The speaker emphasized that pre-deployment risk assessment was more important than live filtering, though both matter. This is notable given that more commercial solutions seem focused on the filtering side.
## Trade-offs and Practical Considerations
Several practical trade-offs were discussed:
**Cost vs. accuracy**: At scale, the cost of running more capable models became a significant concern, requiring careful consideration of when to use cheaper vs. more expensive models.
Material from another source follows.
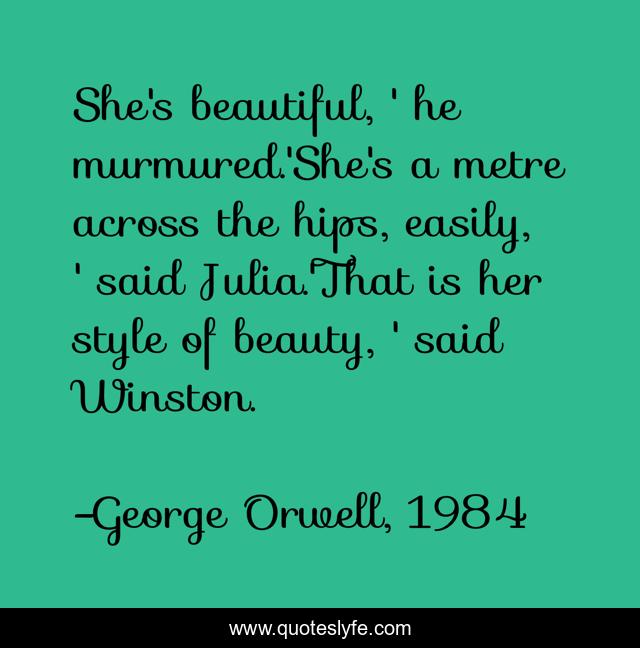 This page presents the quote "She's beautiful, ' he murmured.'She's a metre across the hips, easily, ' said Julia.'That is her style of beauty, ' said Winston.". Author of this quote is George Orwell, 1984. This quote is about beautiful, style, beauty, fat, inspirational, enthusiasm,.

**Specificity vs. flexibility in prompts**: Over-specified prompts eventually showed negative returns, suggesting that giving models appropriate freedom produces better results than exhaustive instruction.
## Key Takeaways
The case study provides a refreshingly practical perspective on LLMOps at scale. The emphasis on simplicity, deterministic metrics, local execution, and treating evaluations as routine development hygiene rather than elaborate ML processes stands in contrast to much industry discussion of sophisticated evaluation frameworks. The candid acknowledgment of what didn't work—like closing the feedback loop with production data—adds credibility to the recommendations.
The safety and red teaming focus is particularly valuable given the consumer context and adversarial user behavior. The open-sourcing of promptfoo as a result of this work provides a concrete, usable artifact for teams facing similar challenges.